▶ [WORK REQUEST] Using the listing below, output only the lines from the one that contains "Road 涙で濡らしたひとを |" through the one that contains "SELECT nom, commentaires FROM jeux_video;", inclusive, exactly as given and without images.

▶ [TASK INPUTS]
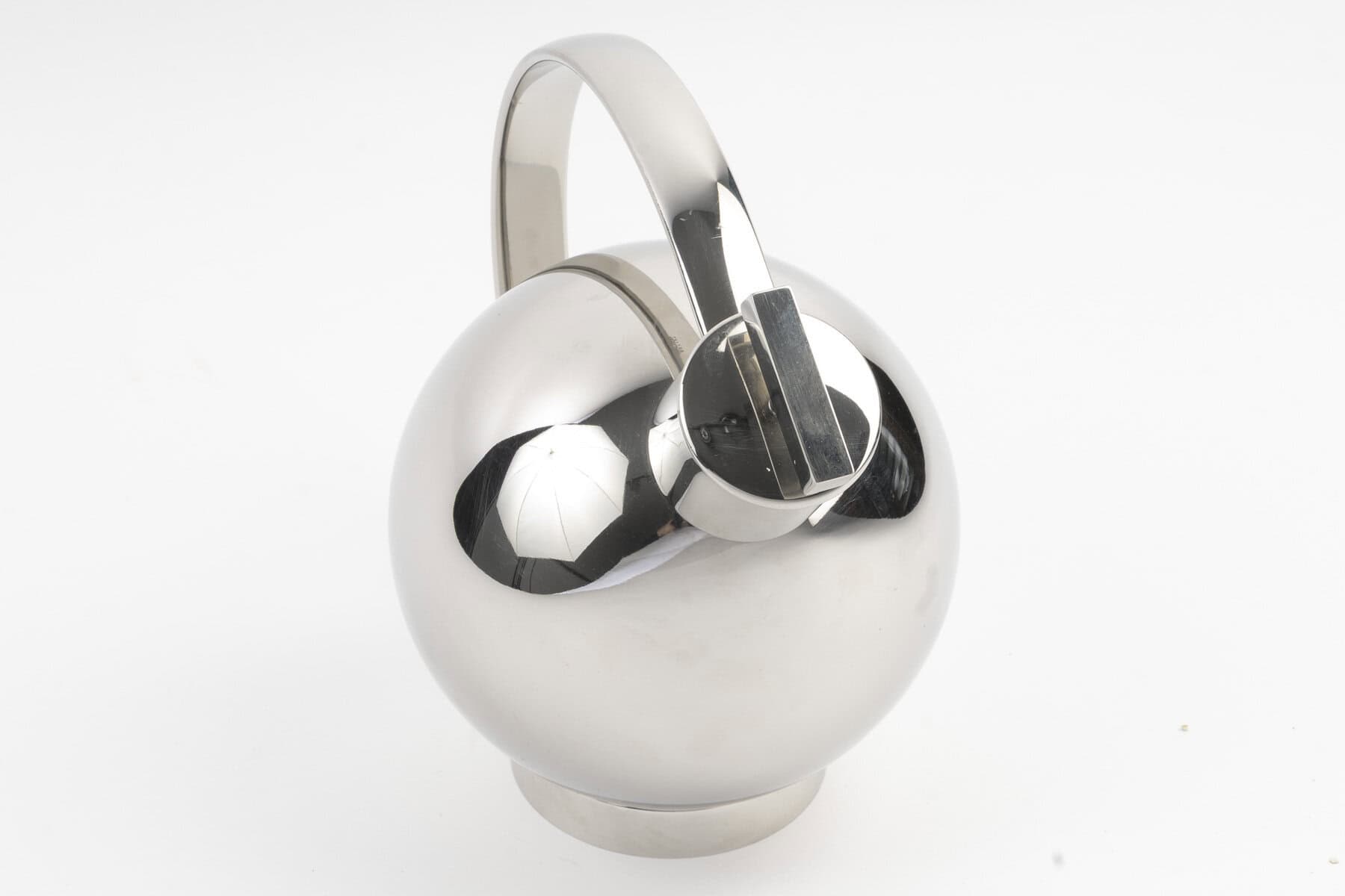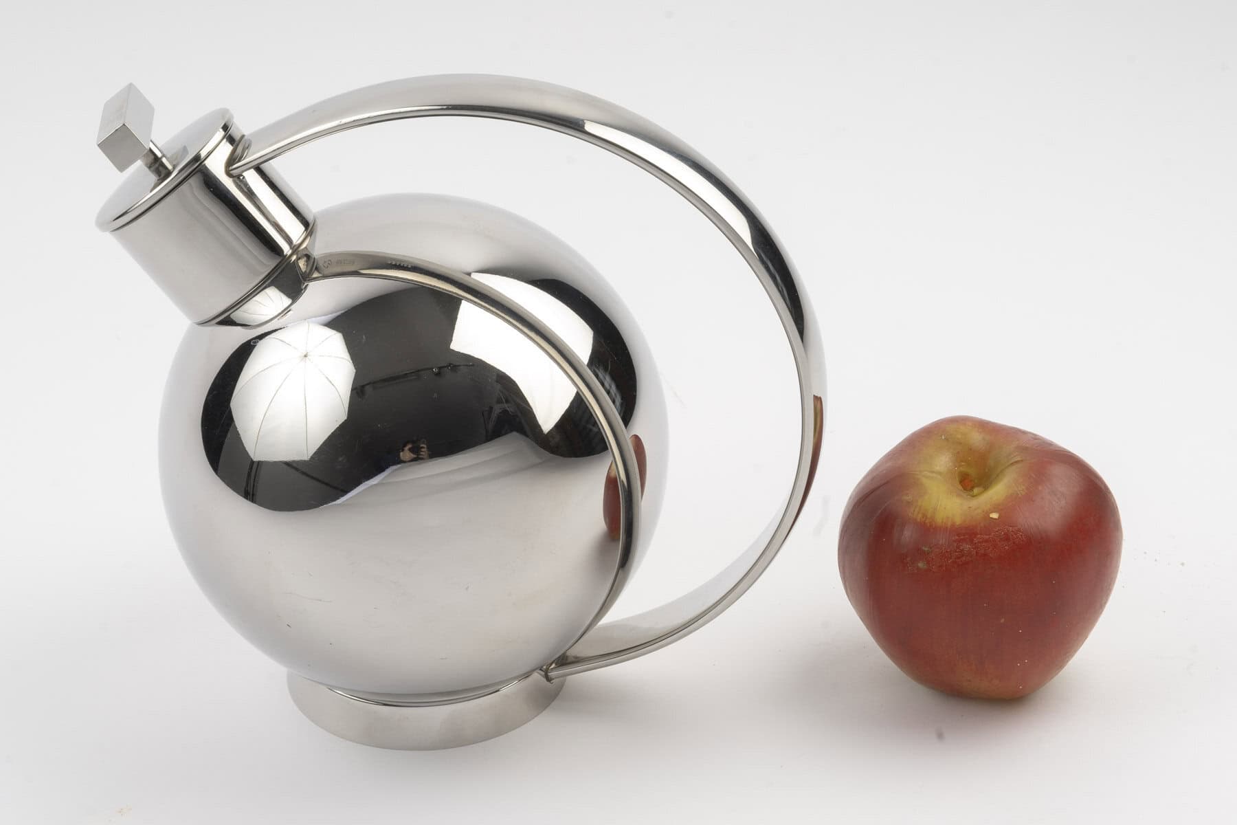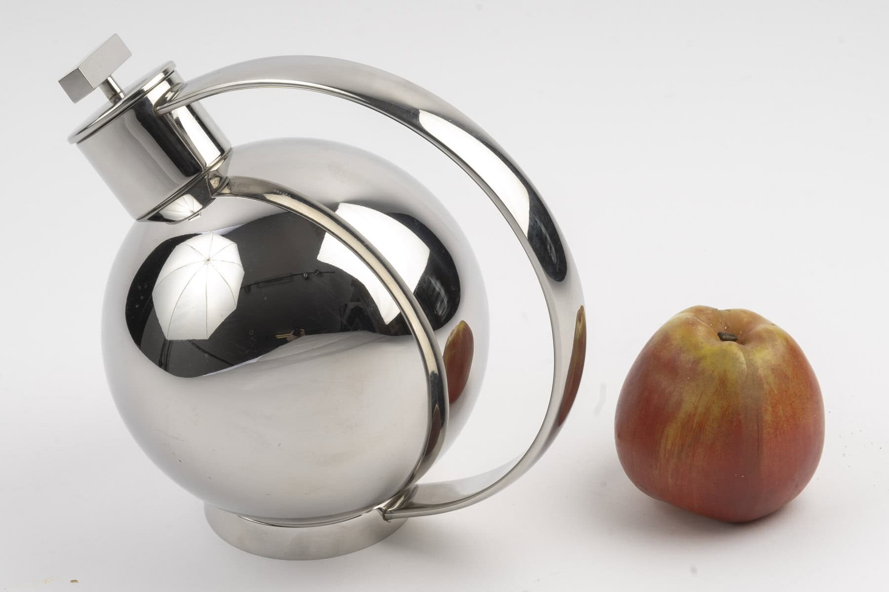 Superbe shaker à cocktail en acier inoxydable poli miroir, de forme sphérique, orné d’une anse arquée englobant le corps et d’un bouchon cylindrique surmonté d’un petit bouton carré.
* * *
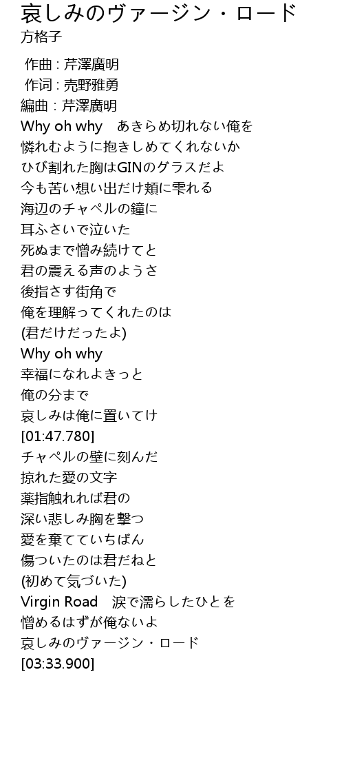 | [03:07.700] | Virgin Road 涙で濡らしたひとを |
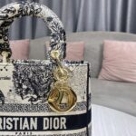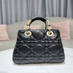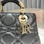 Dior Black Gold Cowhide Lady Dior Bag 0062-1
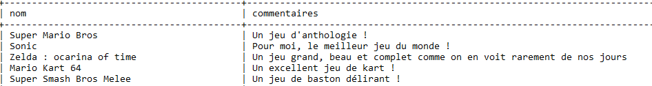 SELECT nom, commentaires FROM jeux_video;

▶ [SOLUTION BELOW]
 | [03:07.700] | Virgin Road 涙で濡らしたひとを |
 Dior Black Gold Cowhide Lady Dior Bag 0062-1
 SELECT nom, commentaires FROM jeux_video;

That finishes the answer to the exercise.